Tuesday, December 18, 2007

China "kicking butt" in the Great Game

Douglas Birch and Mansur Mirovalev of the Associated Press post their analysis of the Great Game to date, on the Moscow Times:

... In the past few years, Chinese fruit, vegetables, television sets, T-shirts and tires have flooded markets along the old Silk Road in former Soviet Central Asia. Each day, all along the Chinese border, hundreds of tractor-trailers rattle west.

These goods are the most visible sign of Beijing's growing power here as China, Russia, the United States and others compete for financial and strategic advantage on the borders of some of the world's most turbulent countries -- Iran, Afghanistan and Pakistan.

It's a struggle in which China seems to be gaining the upper hand.

At stake are oil, hydropower sources, strategic metals, pipelines, transit routes and access to markets. The chief prize is energy supplies: China needs them, Russia wants to control their distribution, and Western powers want to ensure they are not monopolized by Moscow or Beijing....

...In recent years, China and Russia have forged a strategic alliance, as part of a group called the Shanghai Cooperation Organization, to squeeze the United States out of Central Asia, after the U.S. established military bases here. They have largely succeeded....

... Niklas Swanstrom of John Hopkins University's School of Advanced International Studies argues China is succeeding in using "soft power" -- judiciously apportioned aid, aggressive diplomacy and massive investment -- to shove Russia aside."China will be the dominant player over time," he said....

...Talipzhan Suleimanov, a captain in the Kazakh border service in Khorgos, stood outside his ramshackle post and pointed at the gleaming Chinese city across a dry riverbed.

"This looks like the U.S.-Mexican border," he said. "We are the Mexicans, because the Chinese are so much more advanced."

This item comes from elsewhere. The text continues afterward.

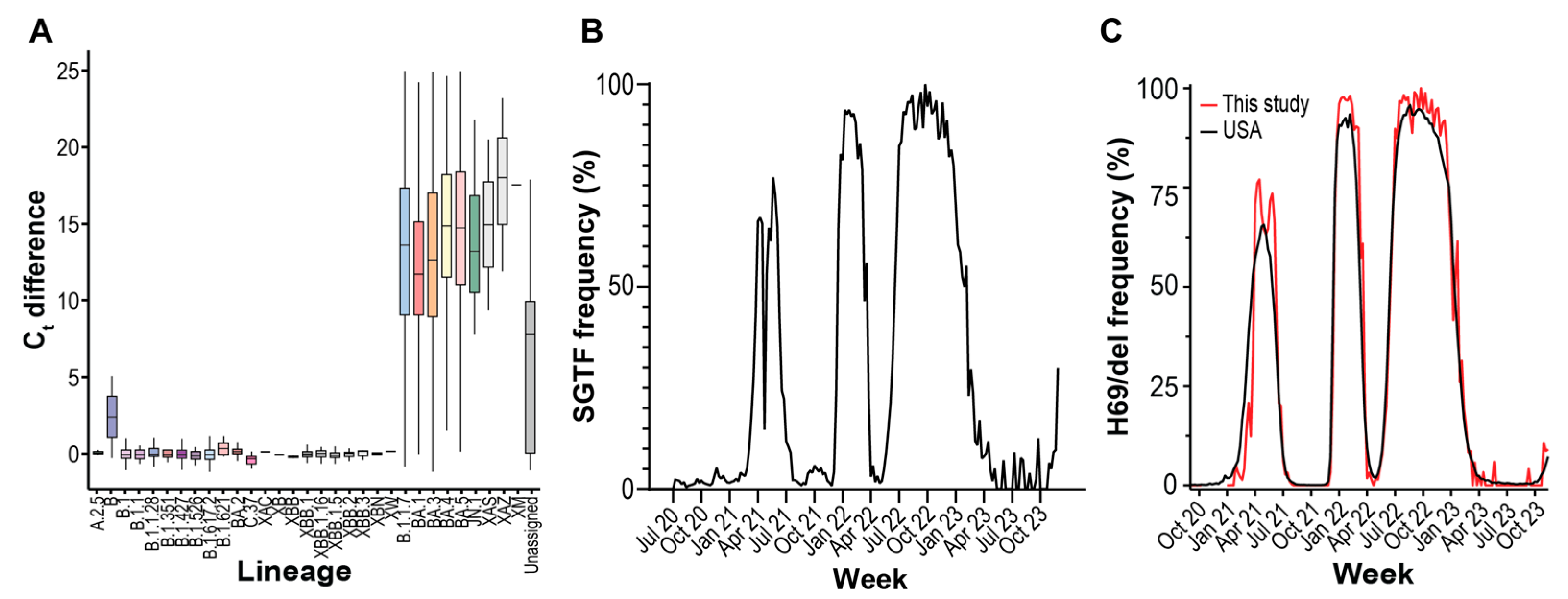 Figure 5. S gene target failure (SGTF) on TaqPath COVID-19 Combo Kit RT-PCR assays. (A) Difference between S gene and mean ORF1ab/N gene Ct values for PANGO variants displaying SGTF. The bottom, middle, and top of the boxes correspond to Q1, Q2, and Q3, respectively. Box whiskers correspond to the largest value no further than 1.5× IQR. (B) Weekly SGTF prevalence in local samples. SGTF is the S gene and mean ORF1ab/N gene Ct values differing by 3 or more. (C) Weekly abundance of samples in the GISAID database containing S:H69del mutation in USA and local samples.

Central Asia -- which includes Turkmenistan, Uzbekistan, Tajikistan, Kyrgyzstan and Kazakhstan -- was long regarded as the middle of nowhere, caught among Russia, China and Afghanistan's Hindu Kush mountains.The region emerged from isolation about 200 years ago as Russian imperial troops and British spies competed for influence in a rivalry that Rudyard Kipling called "The Great Game."...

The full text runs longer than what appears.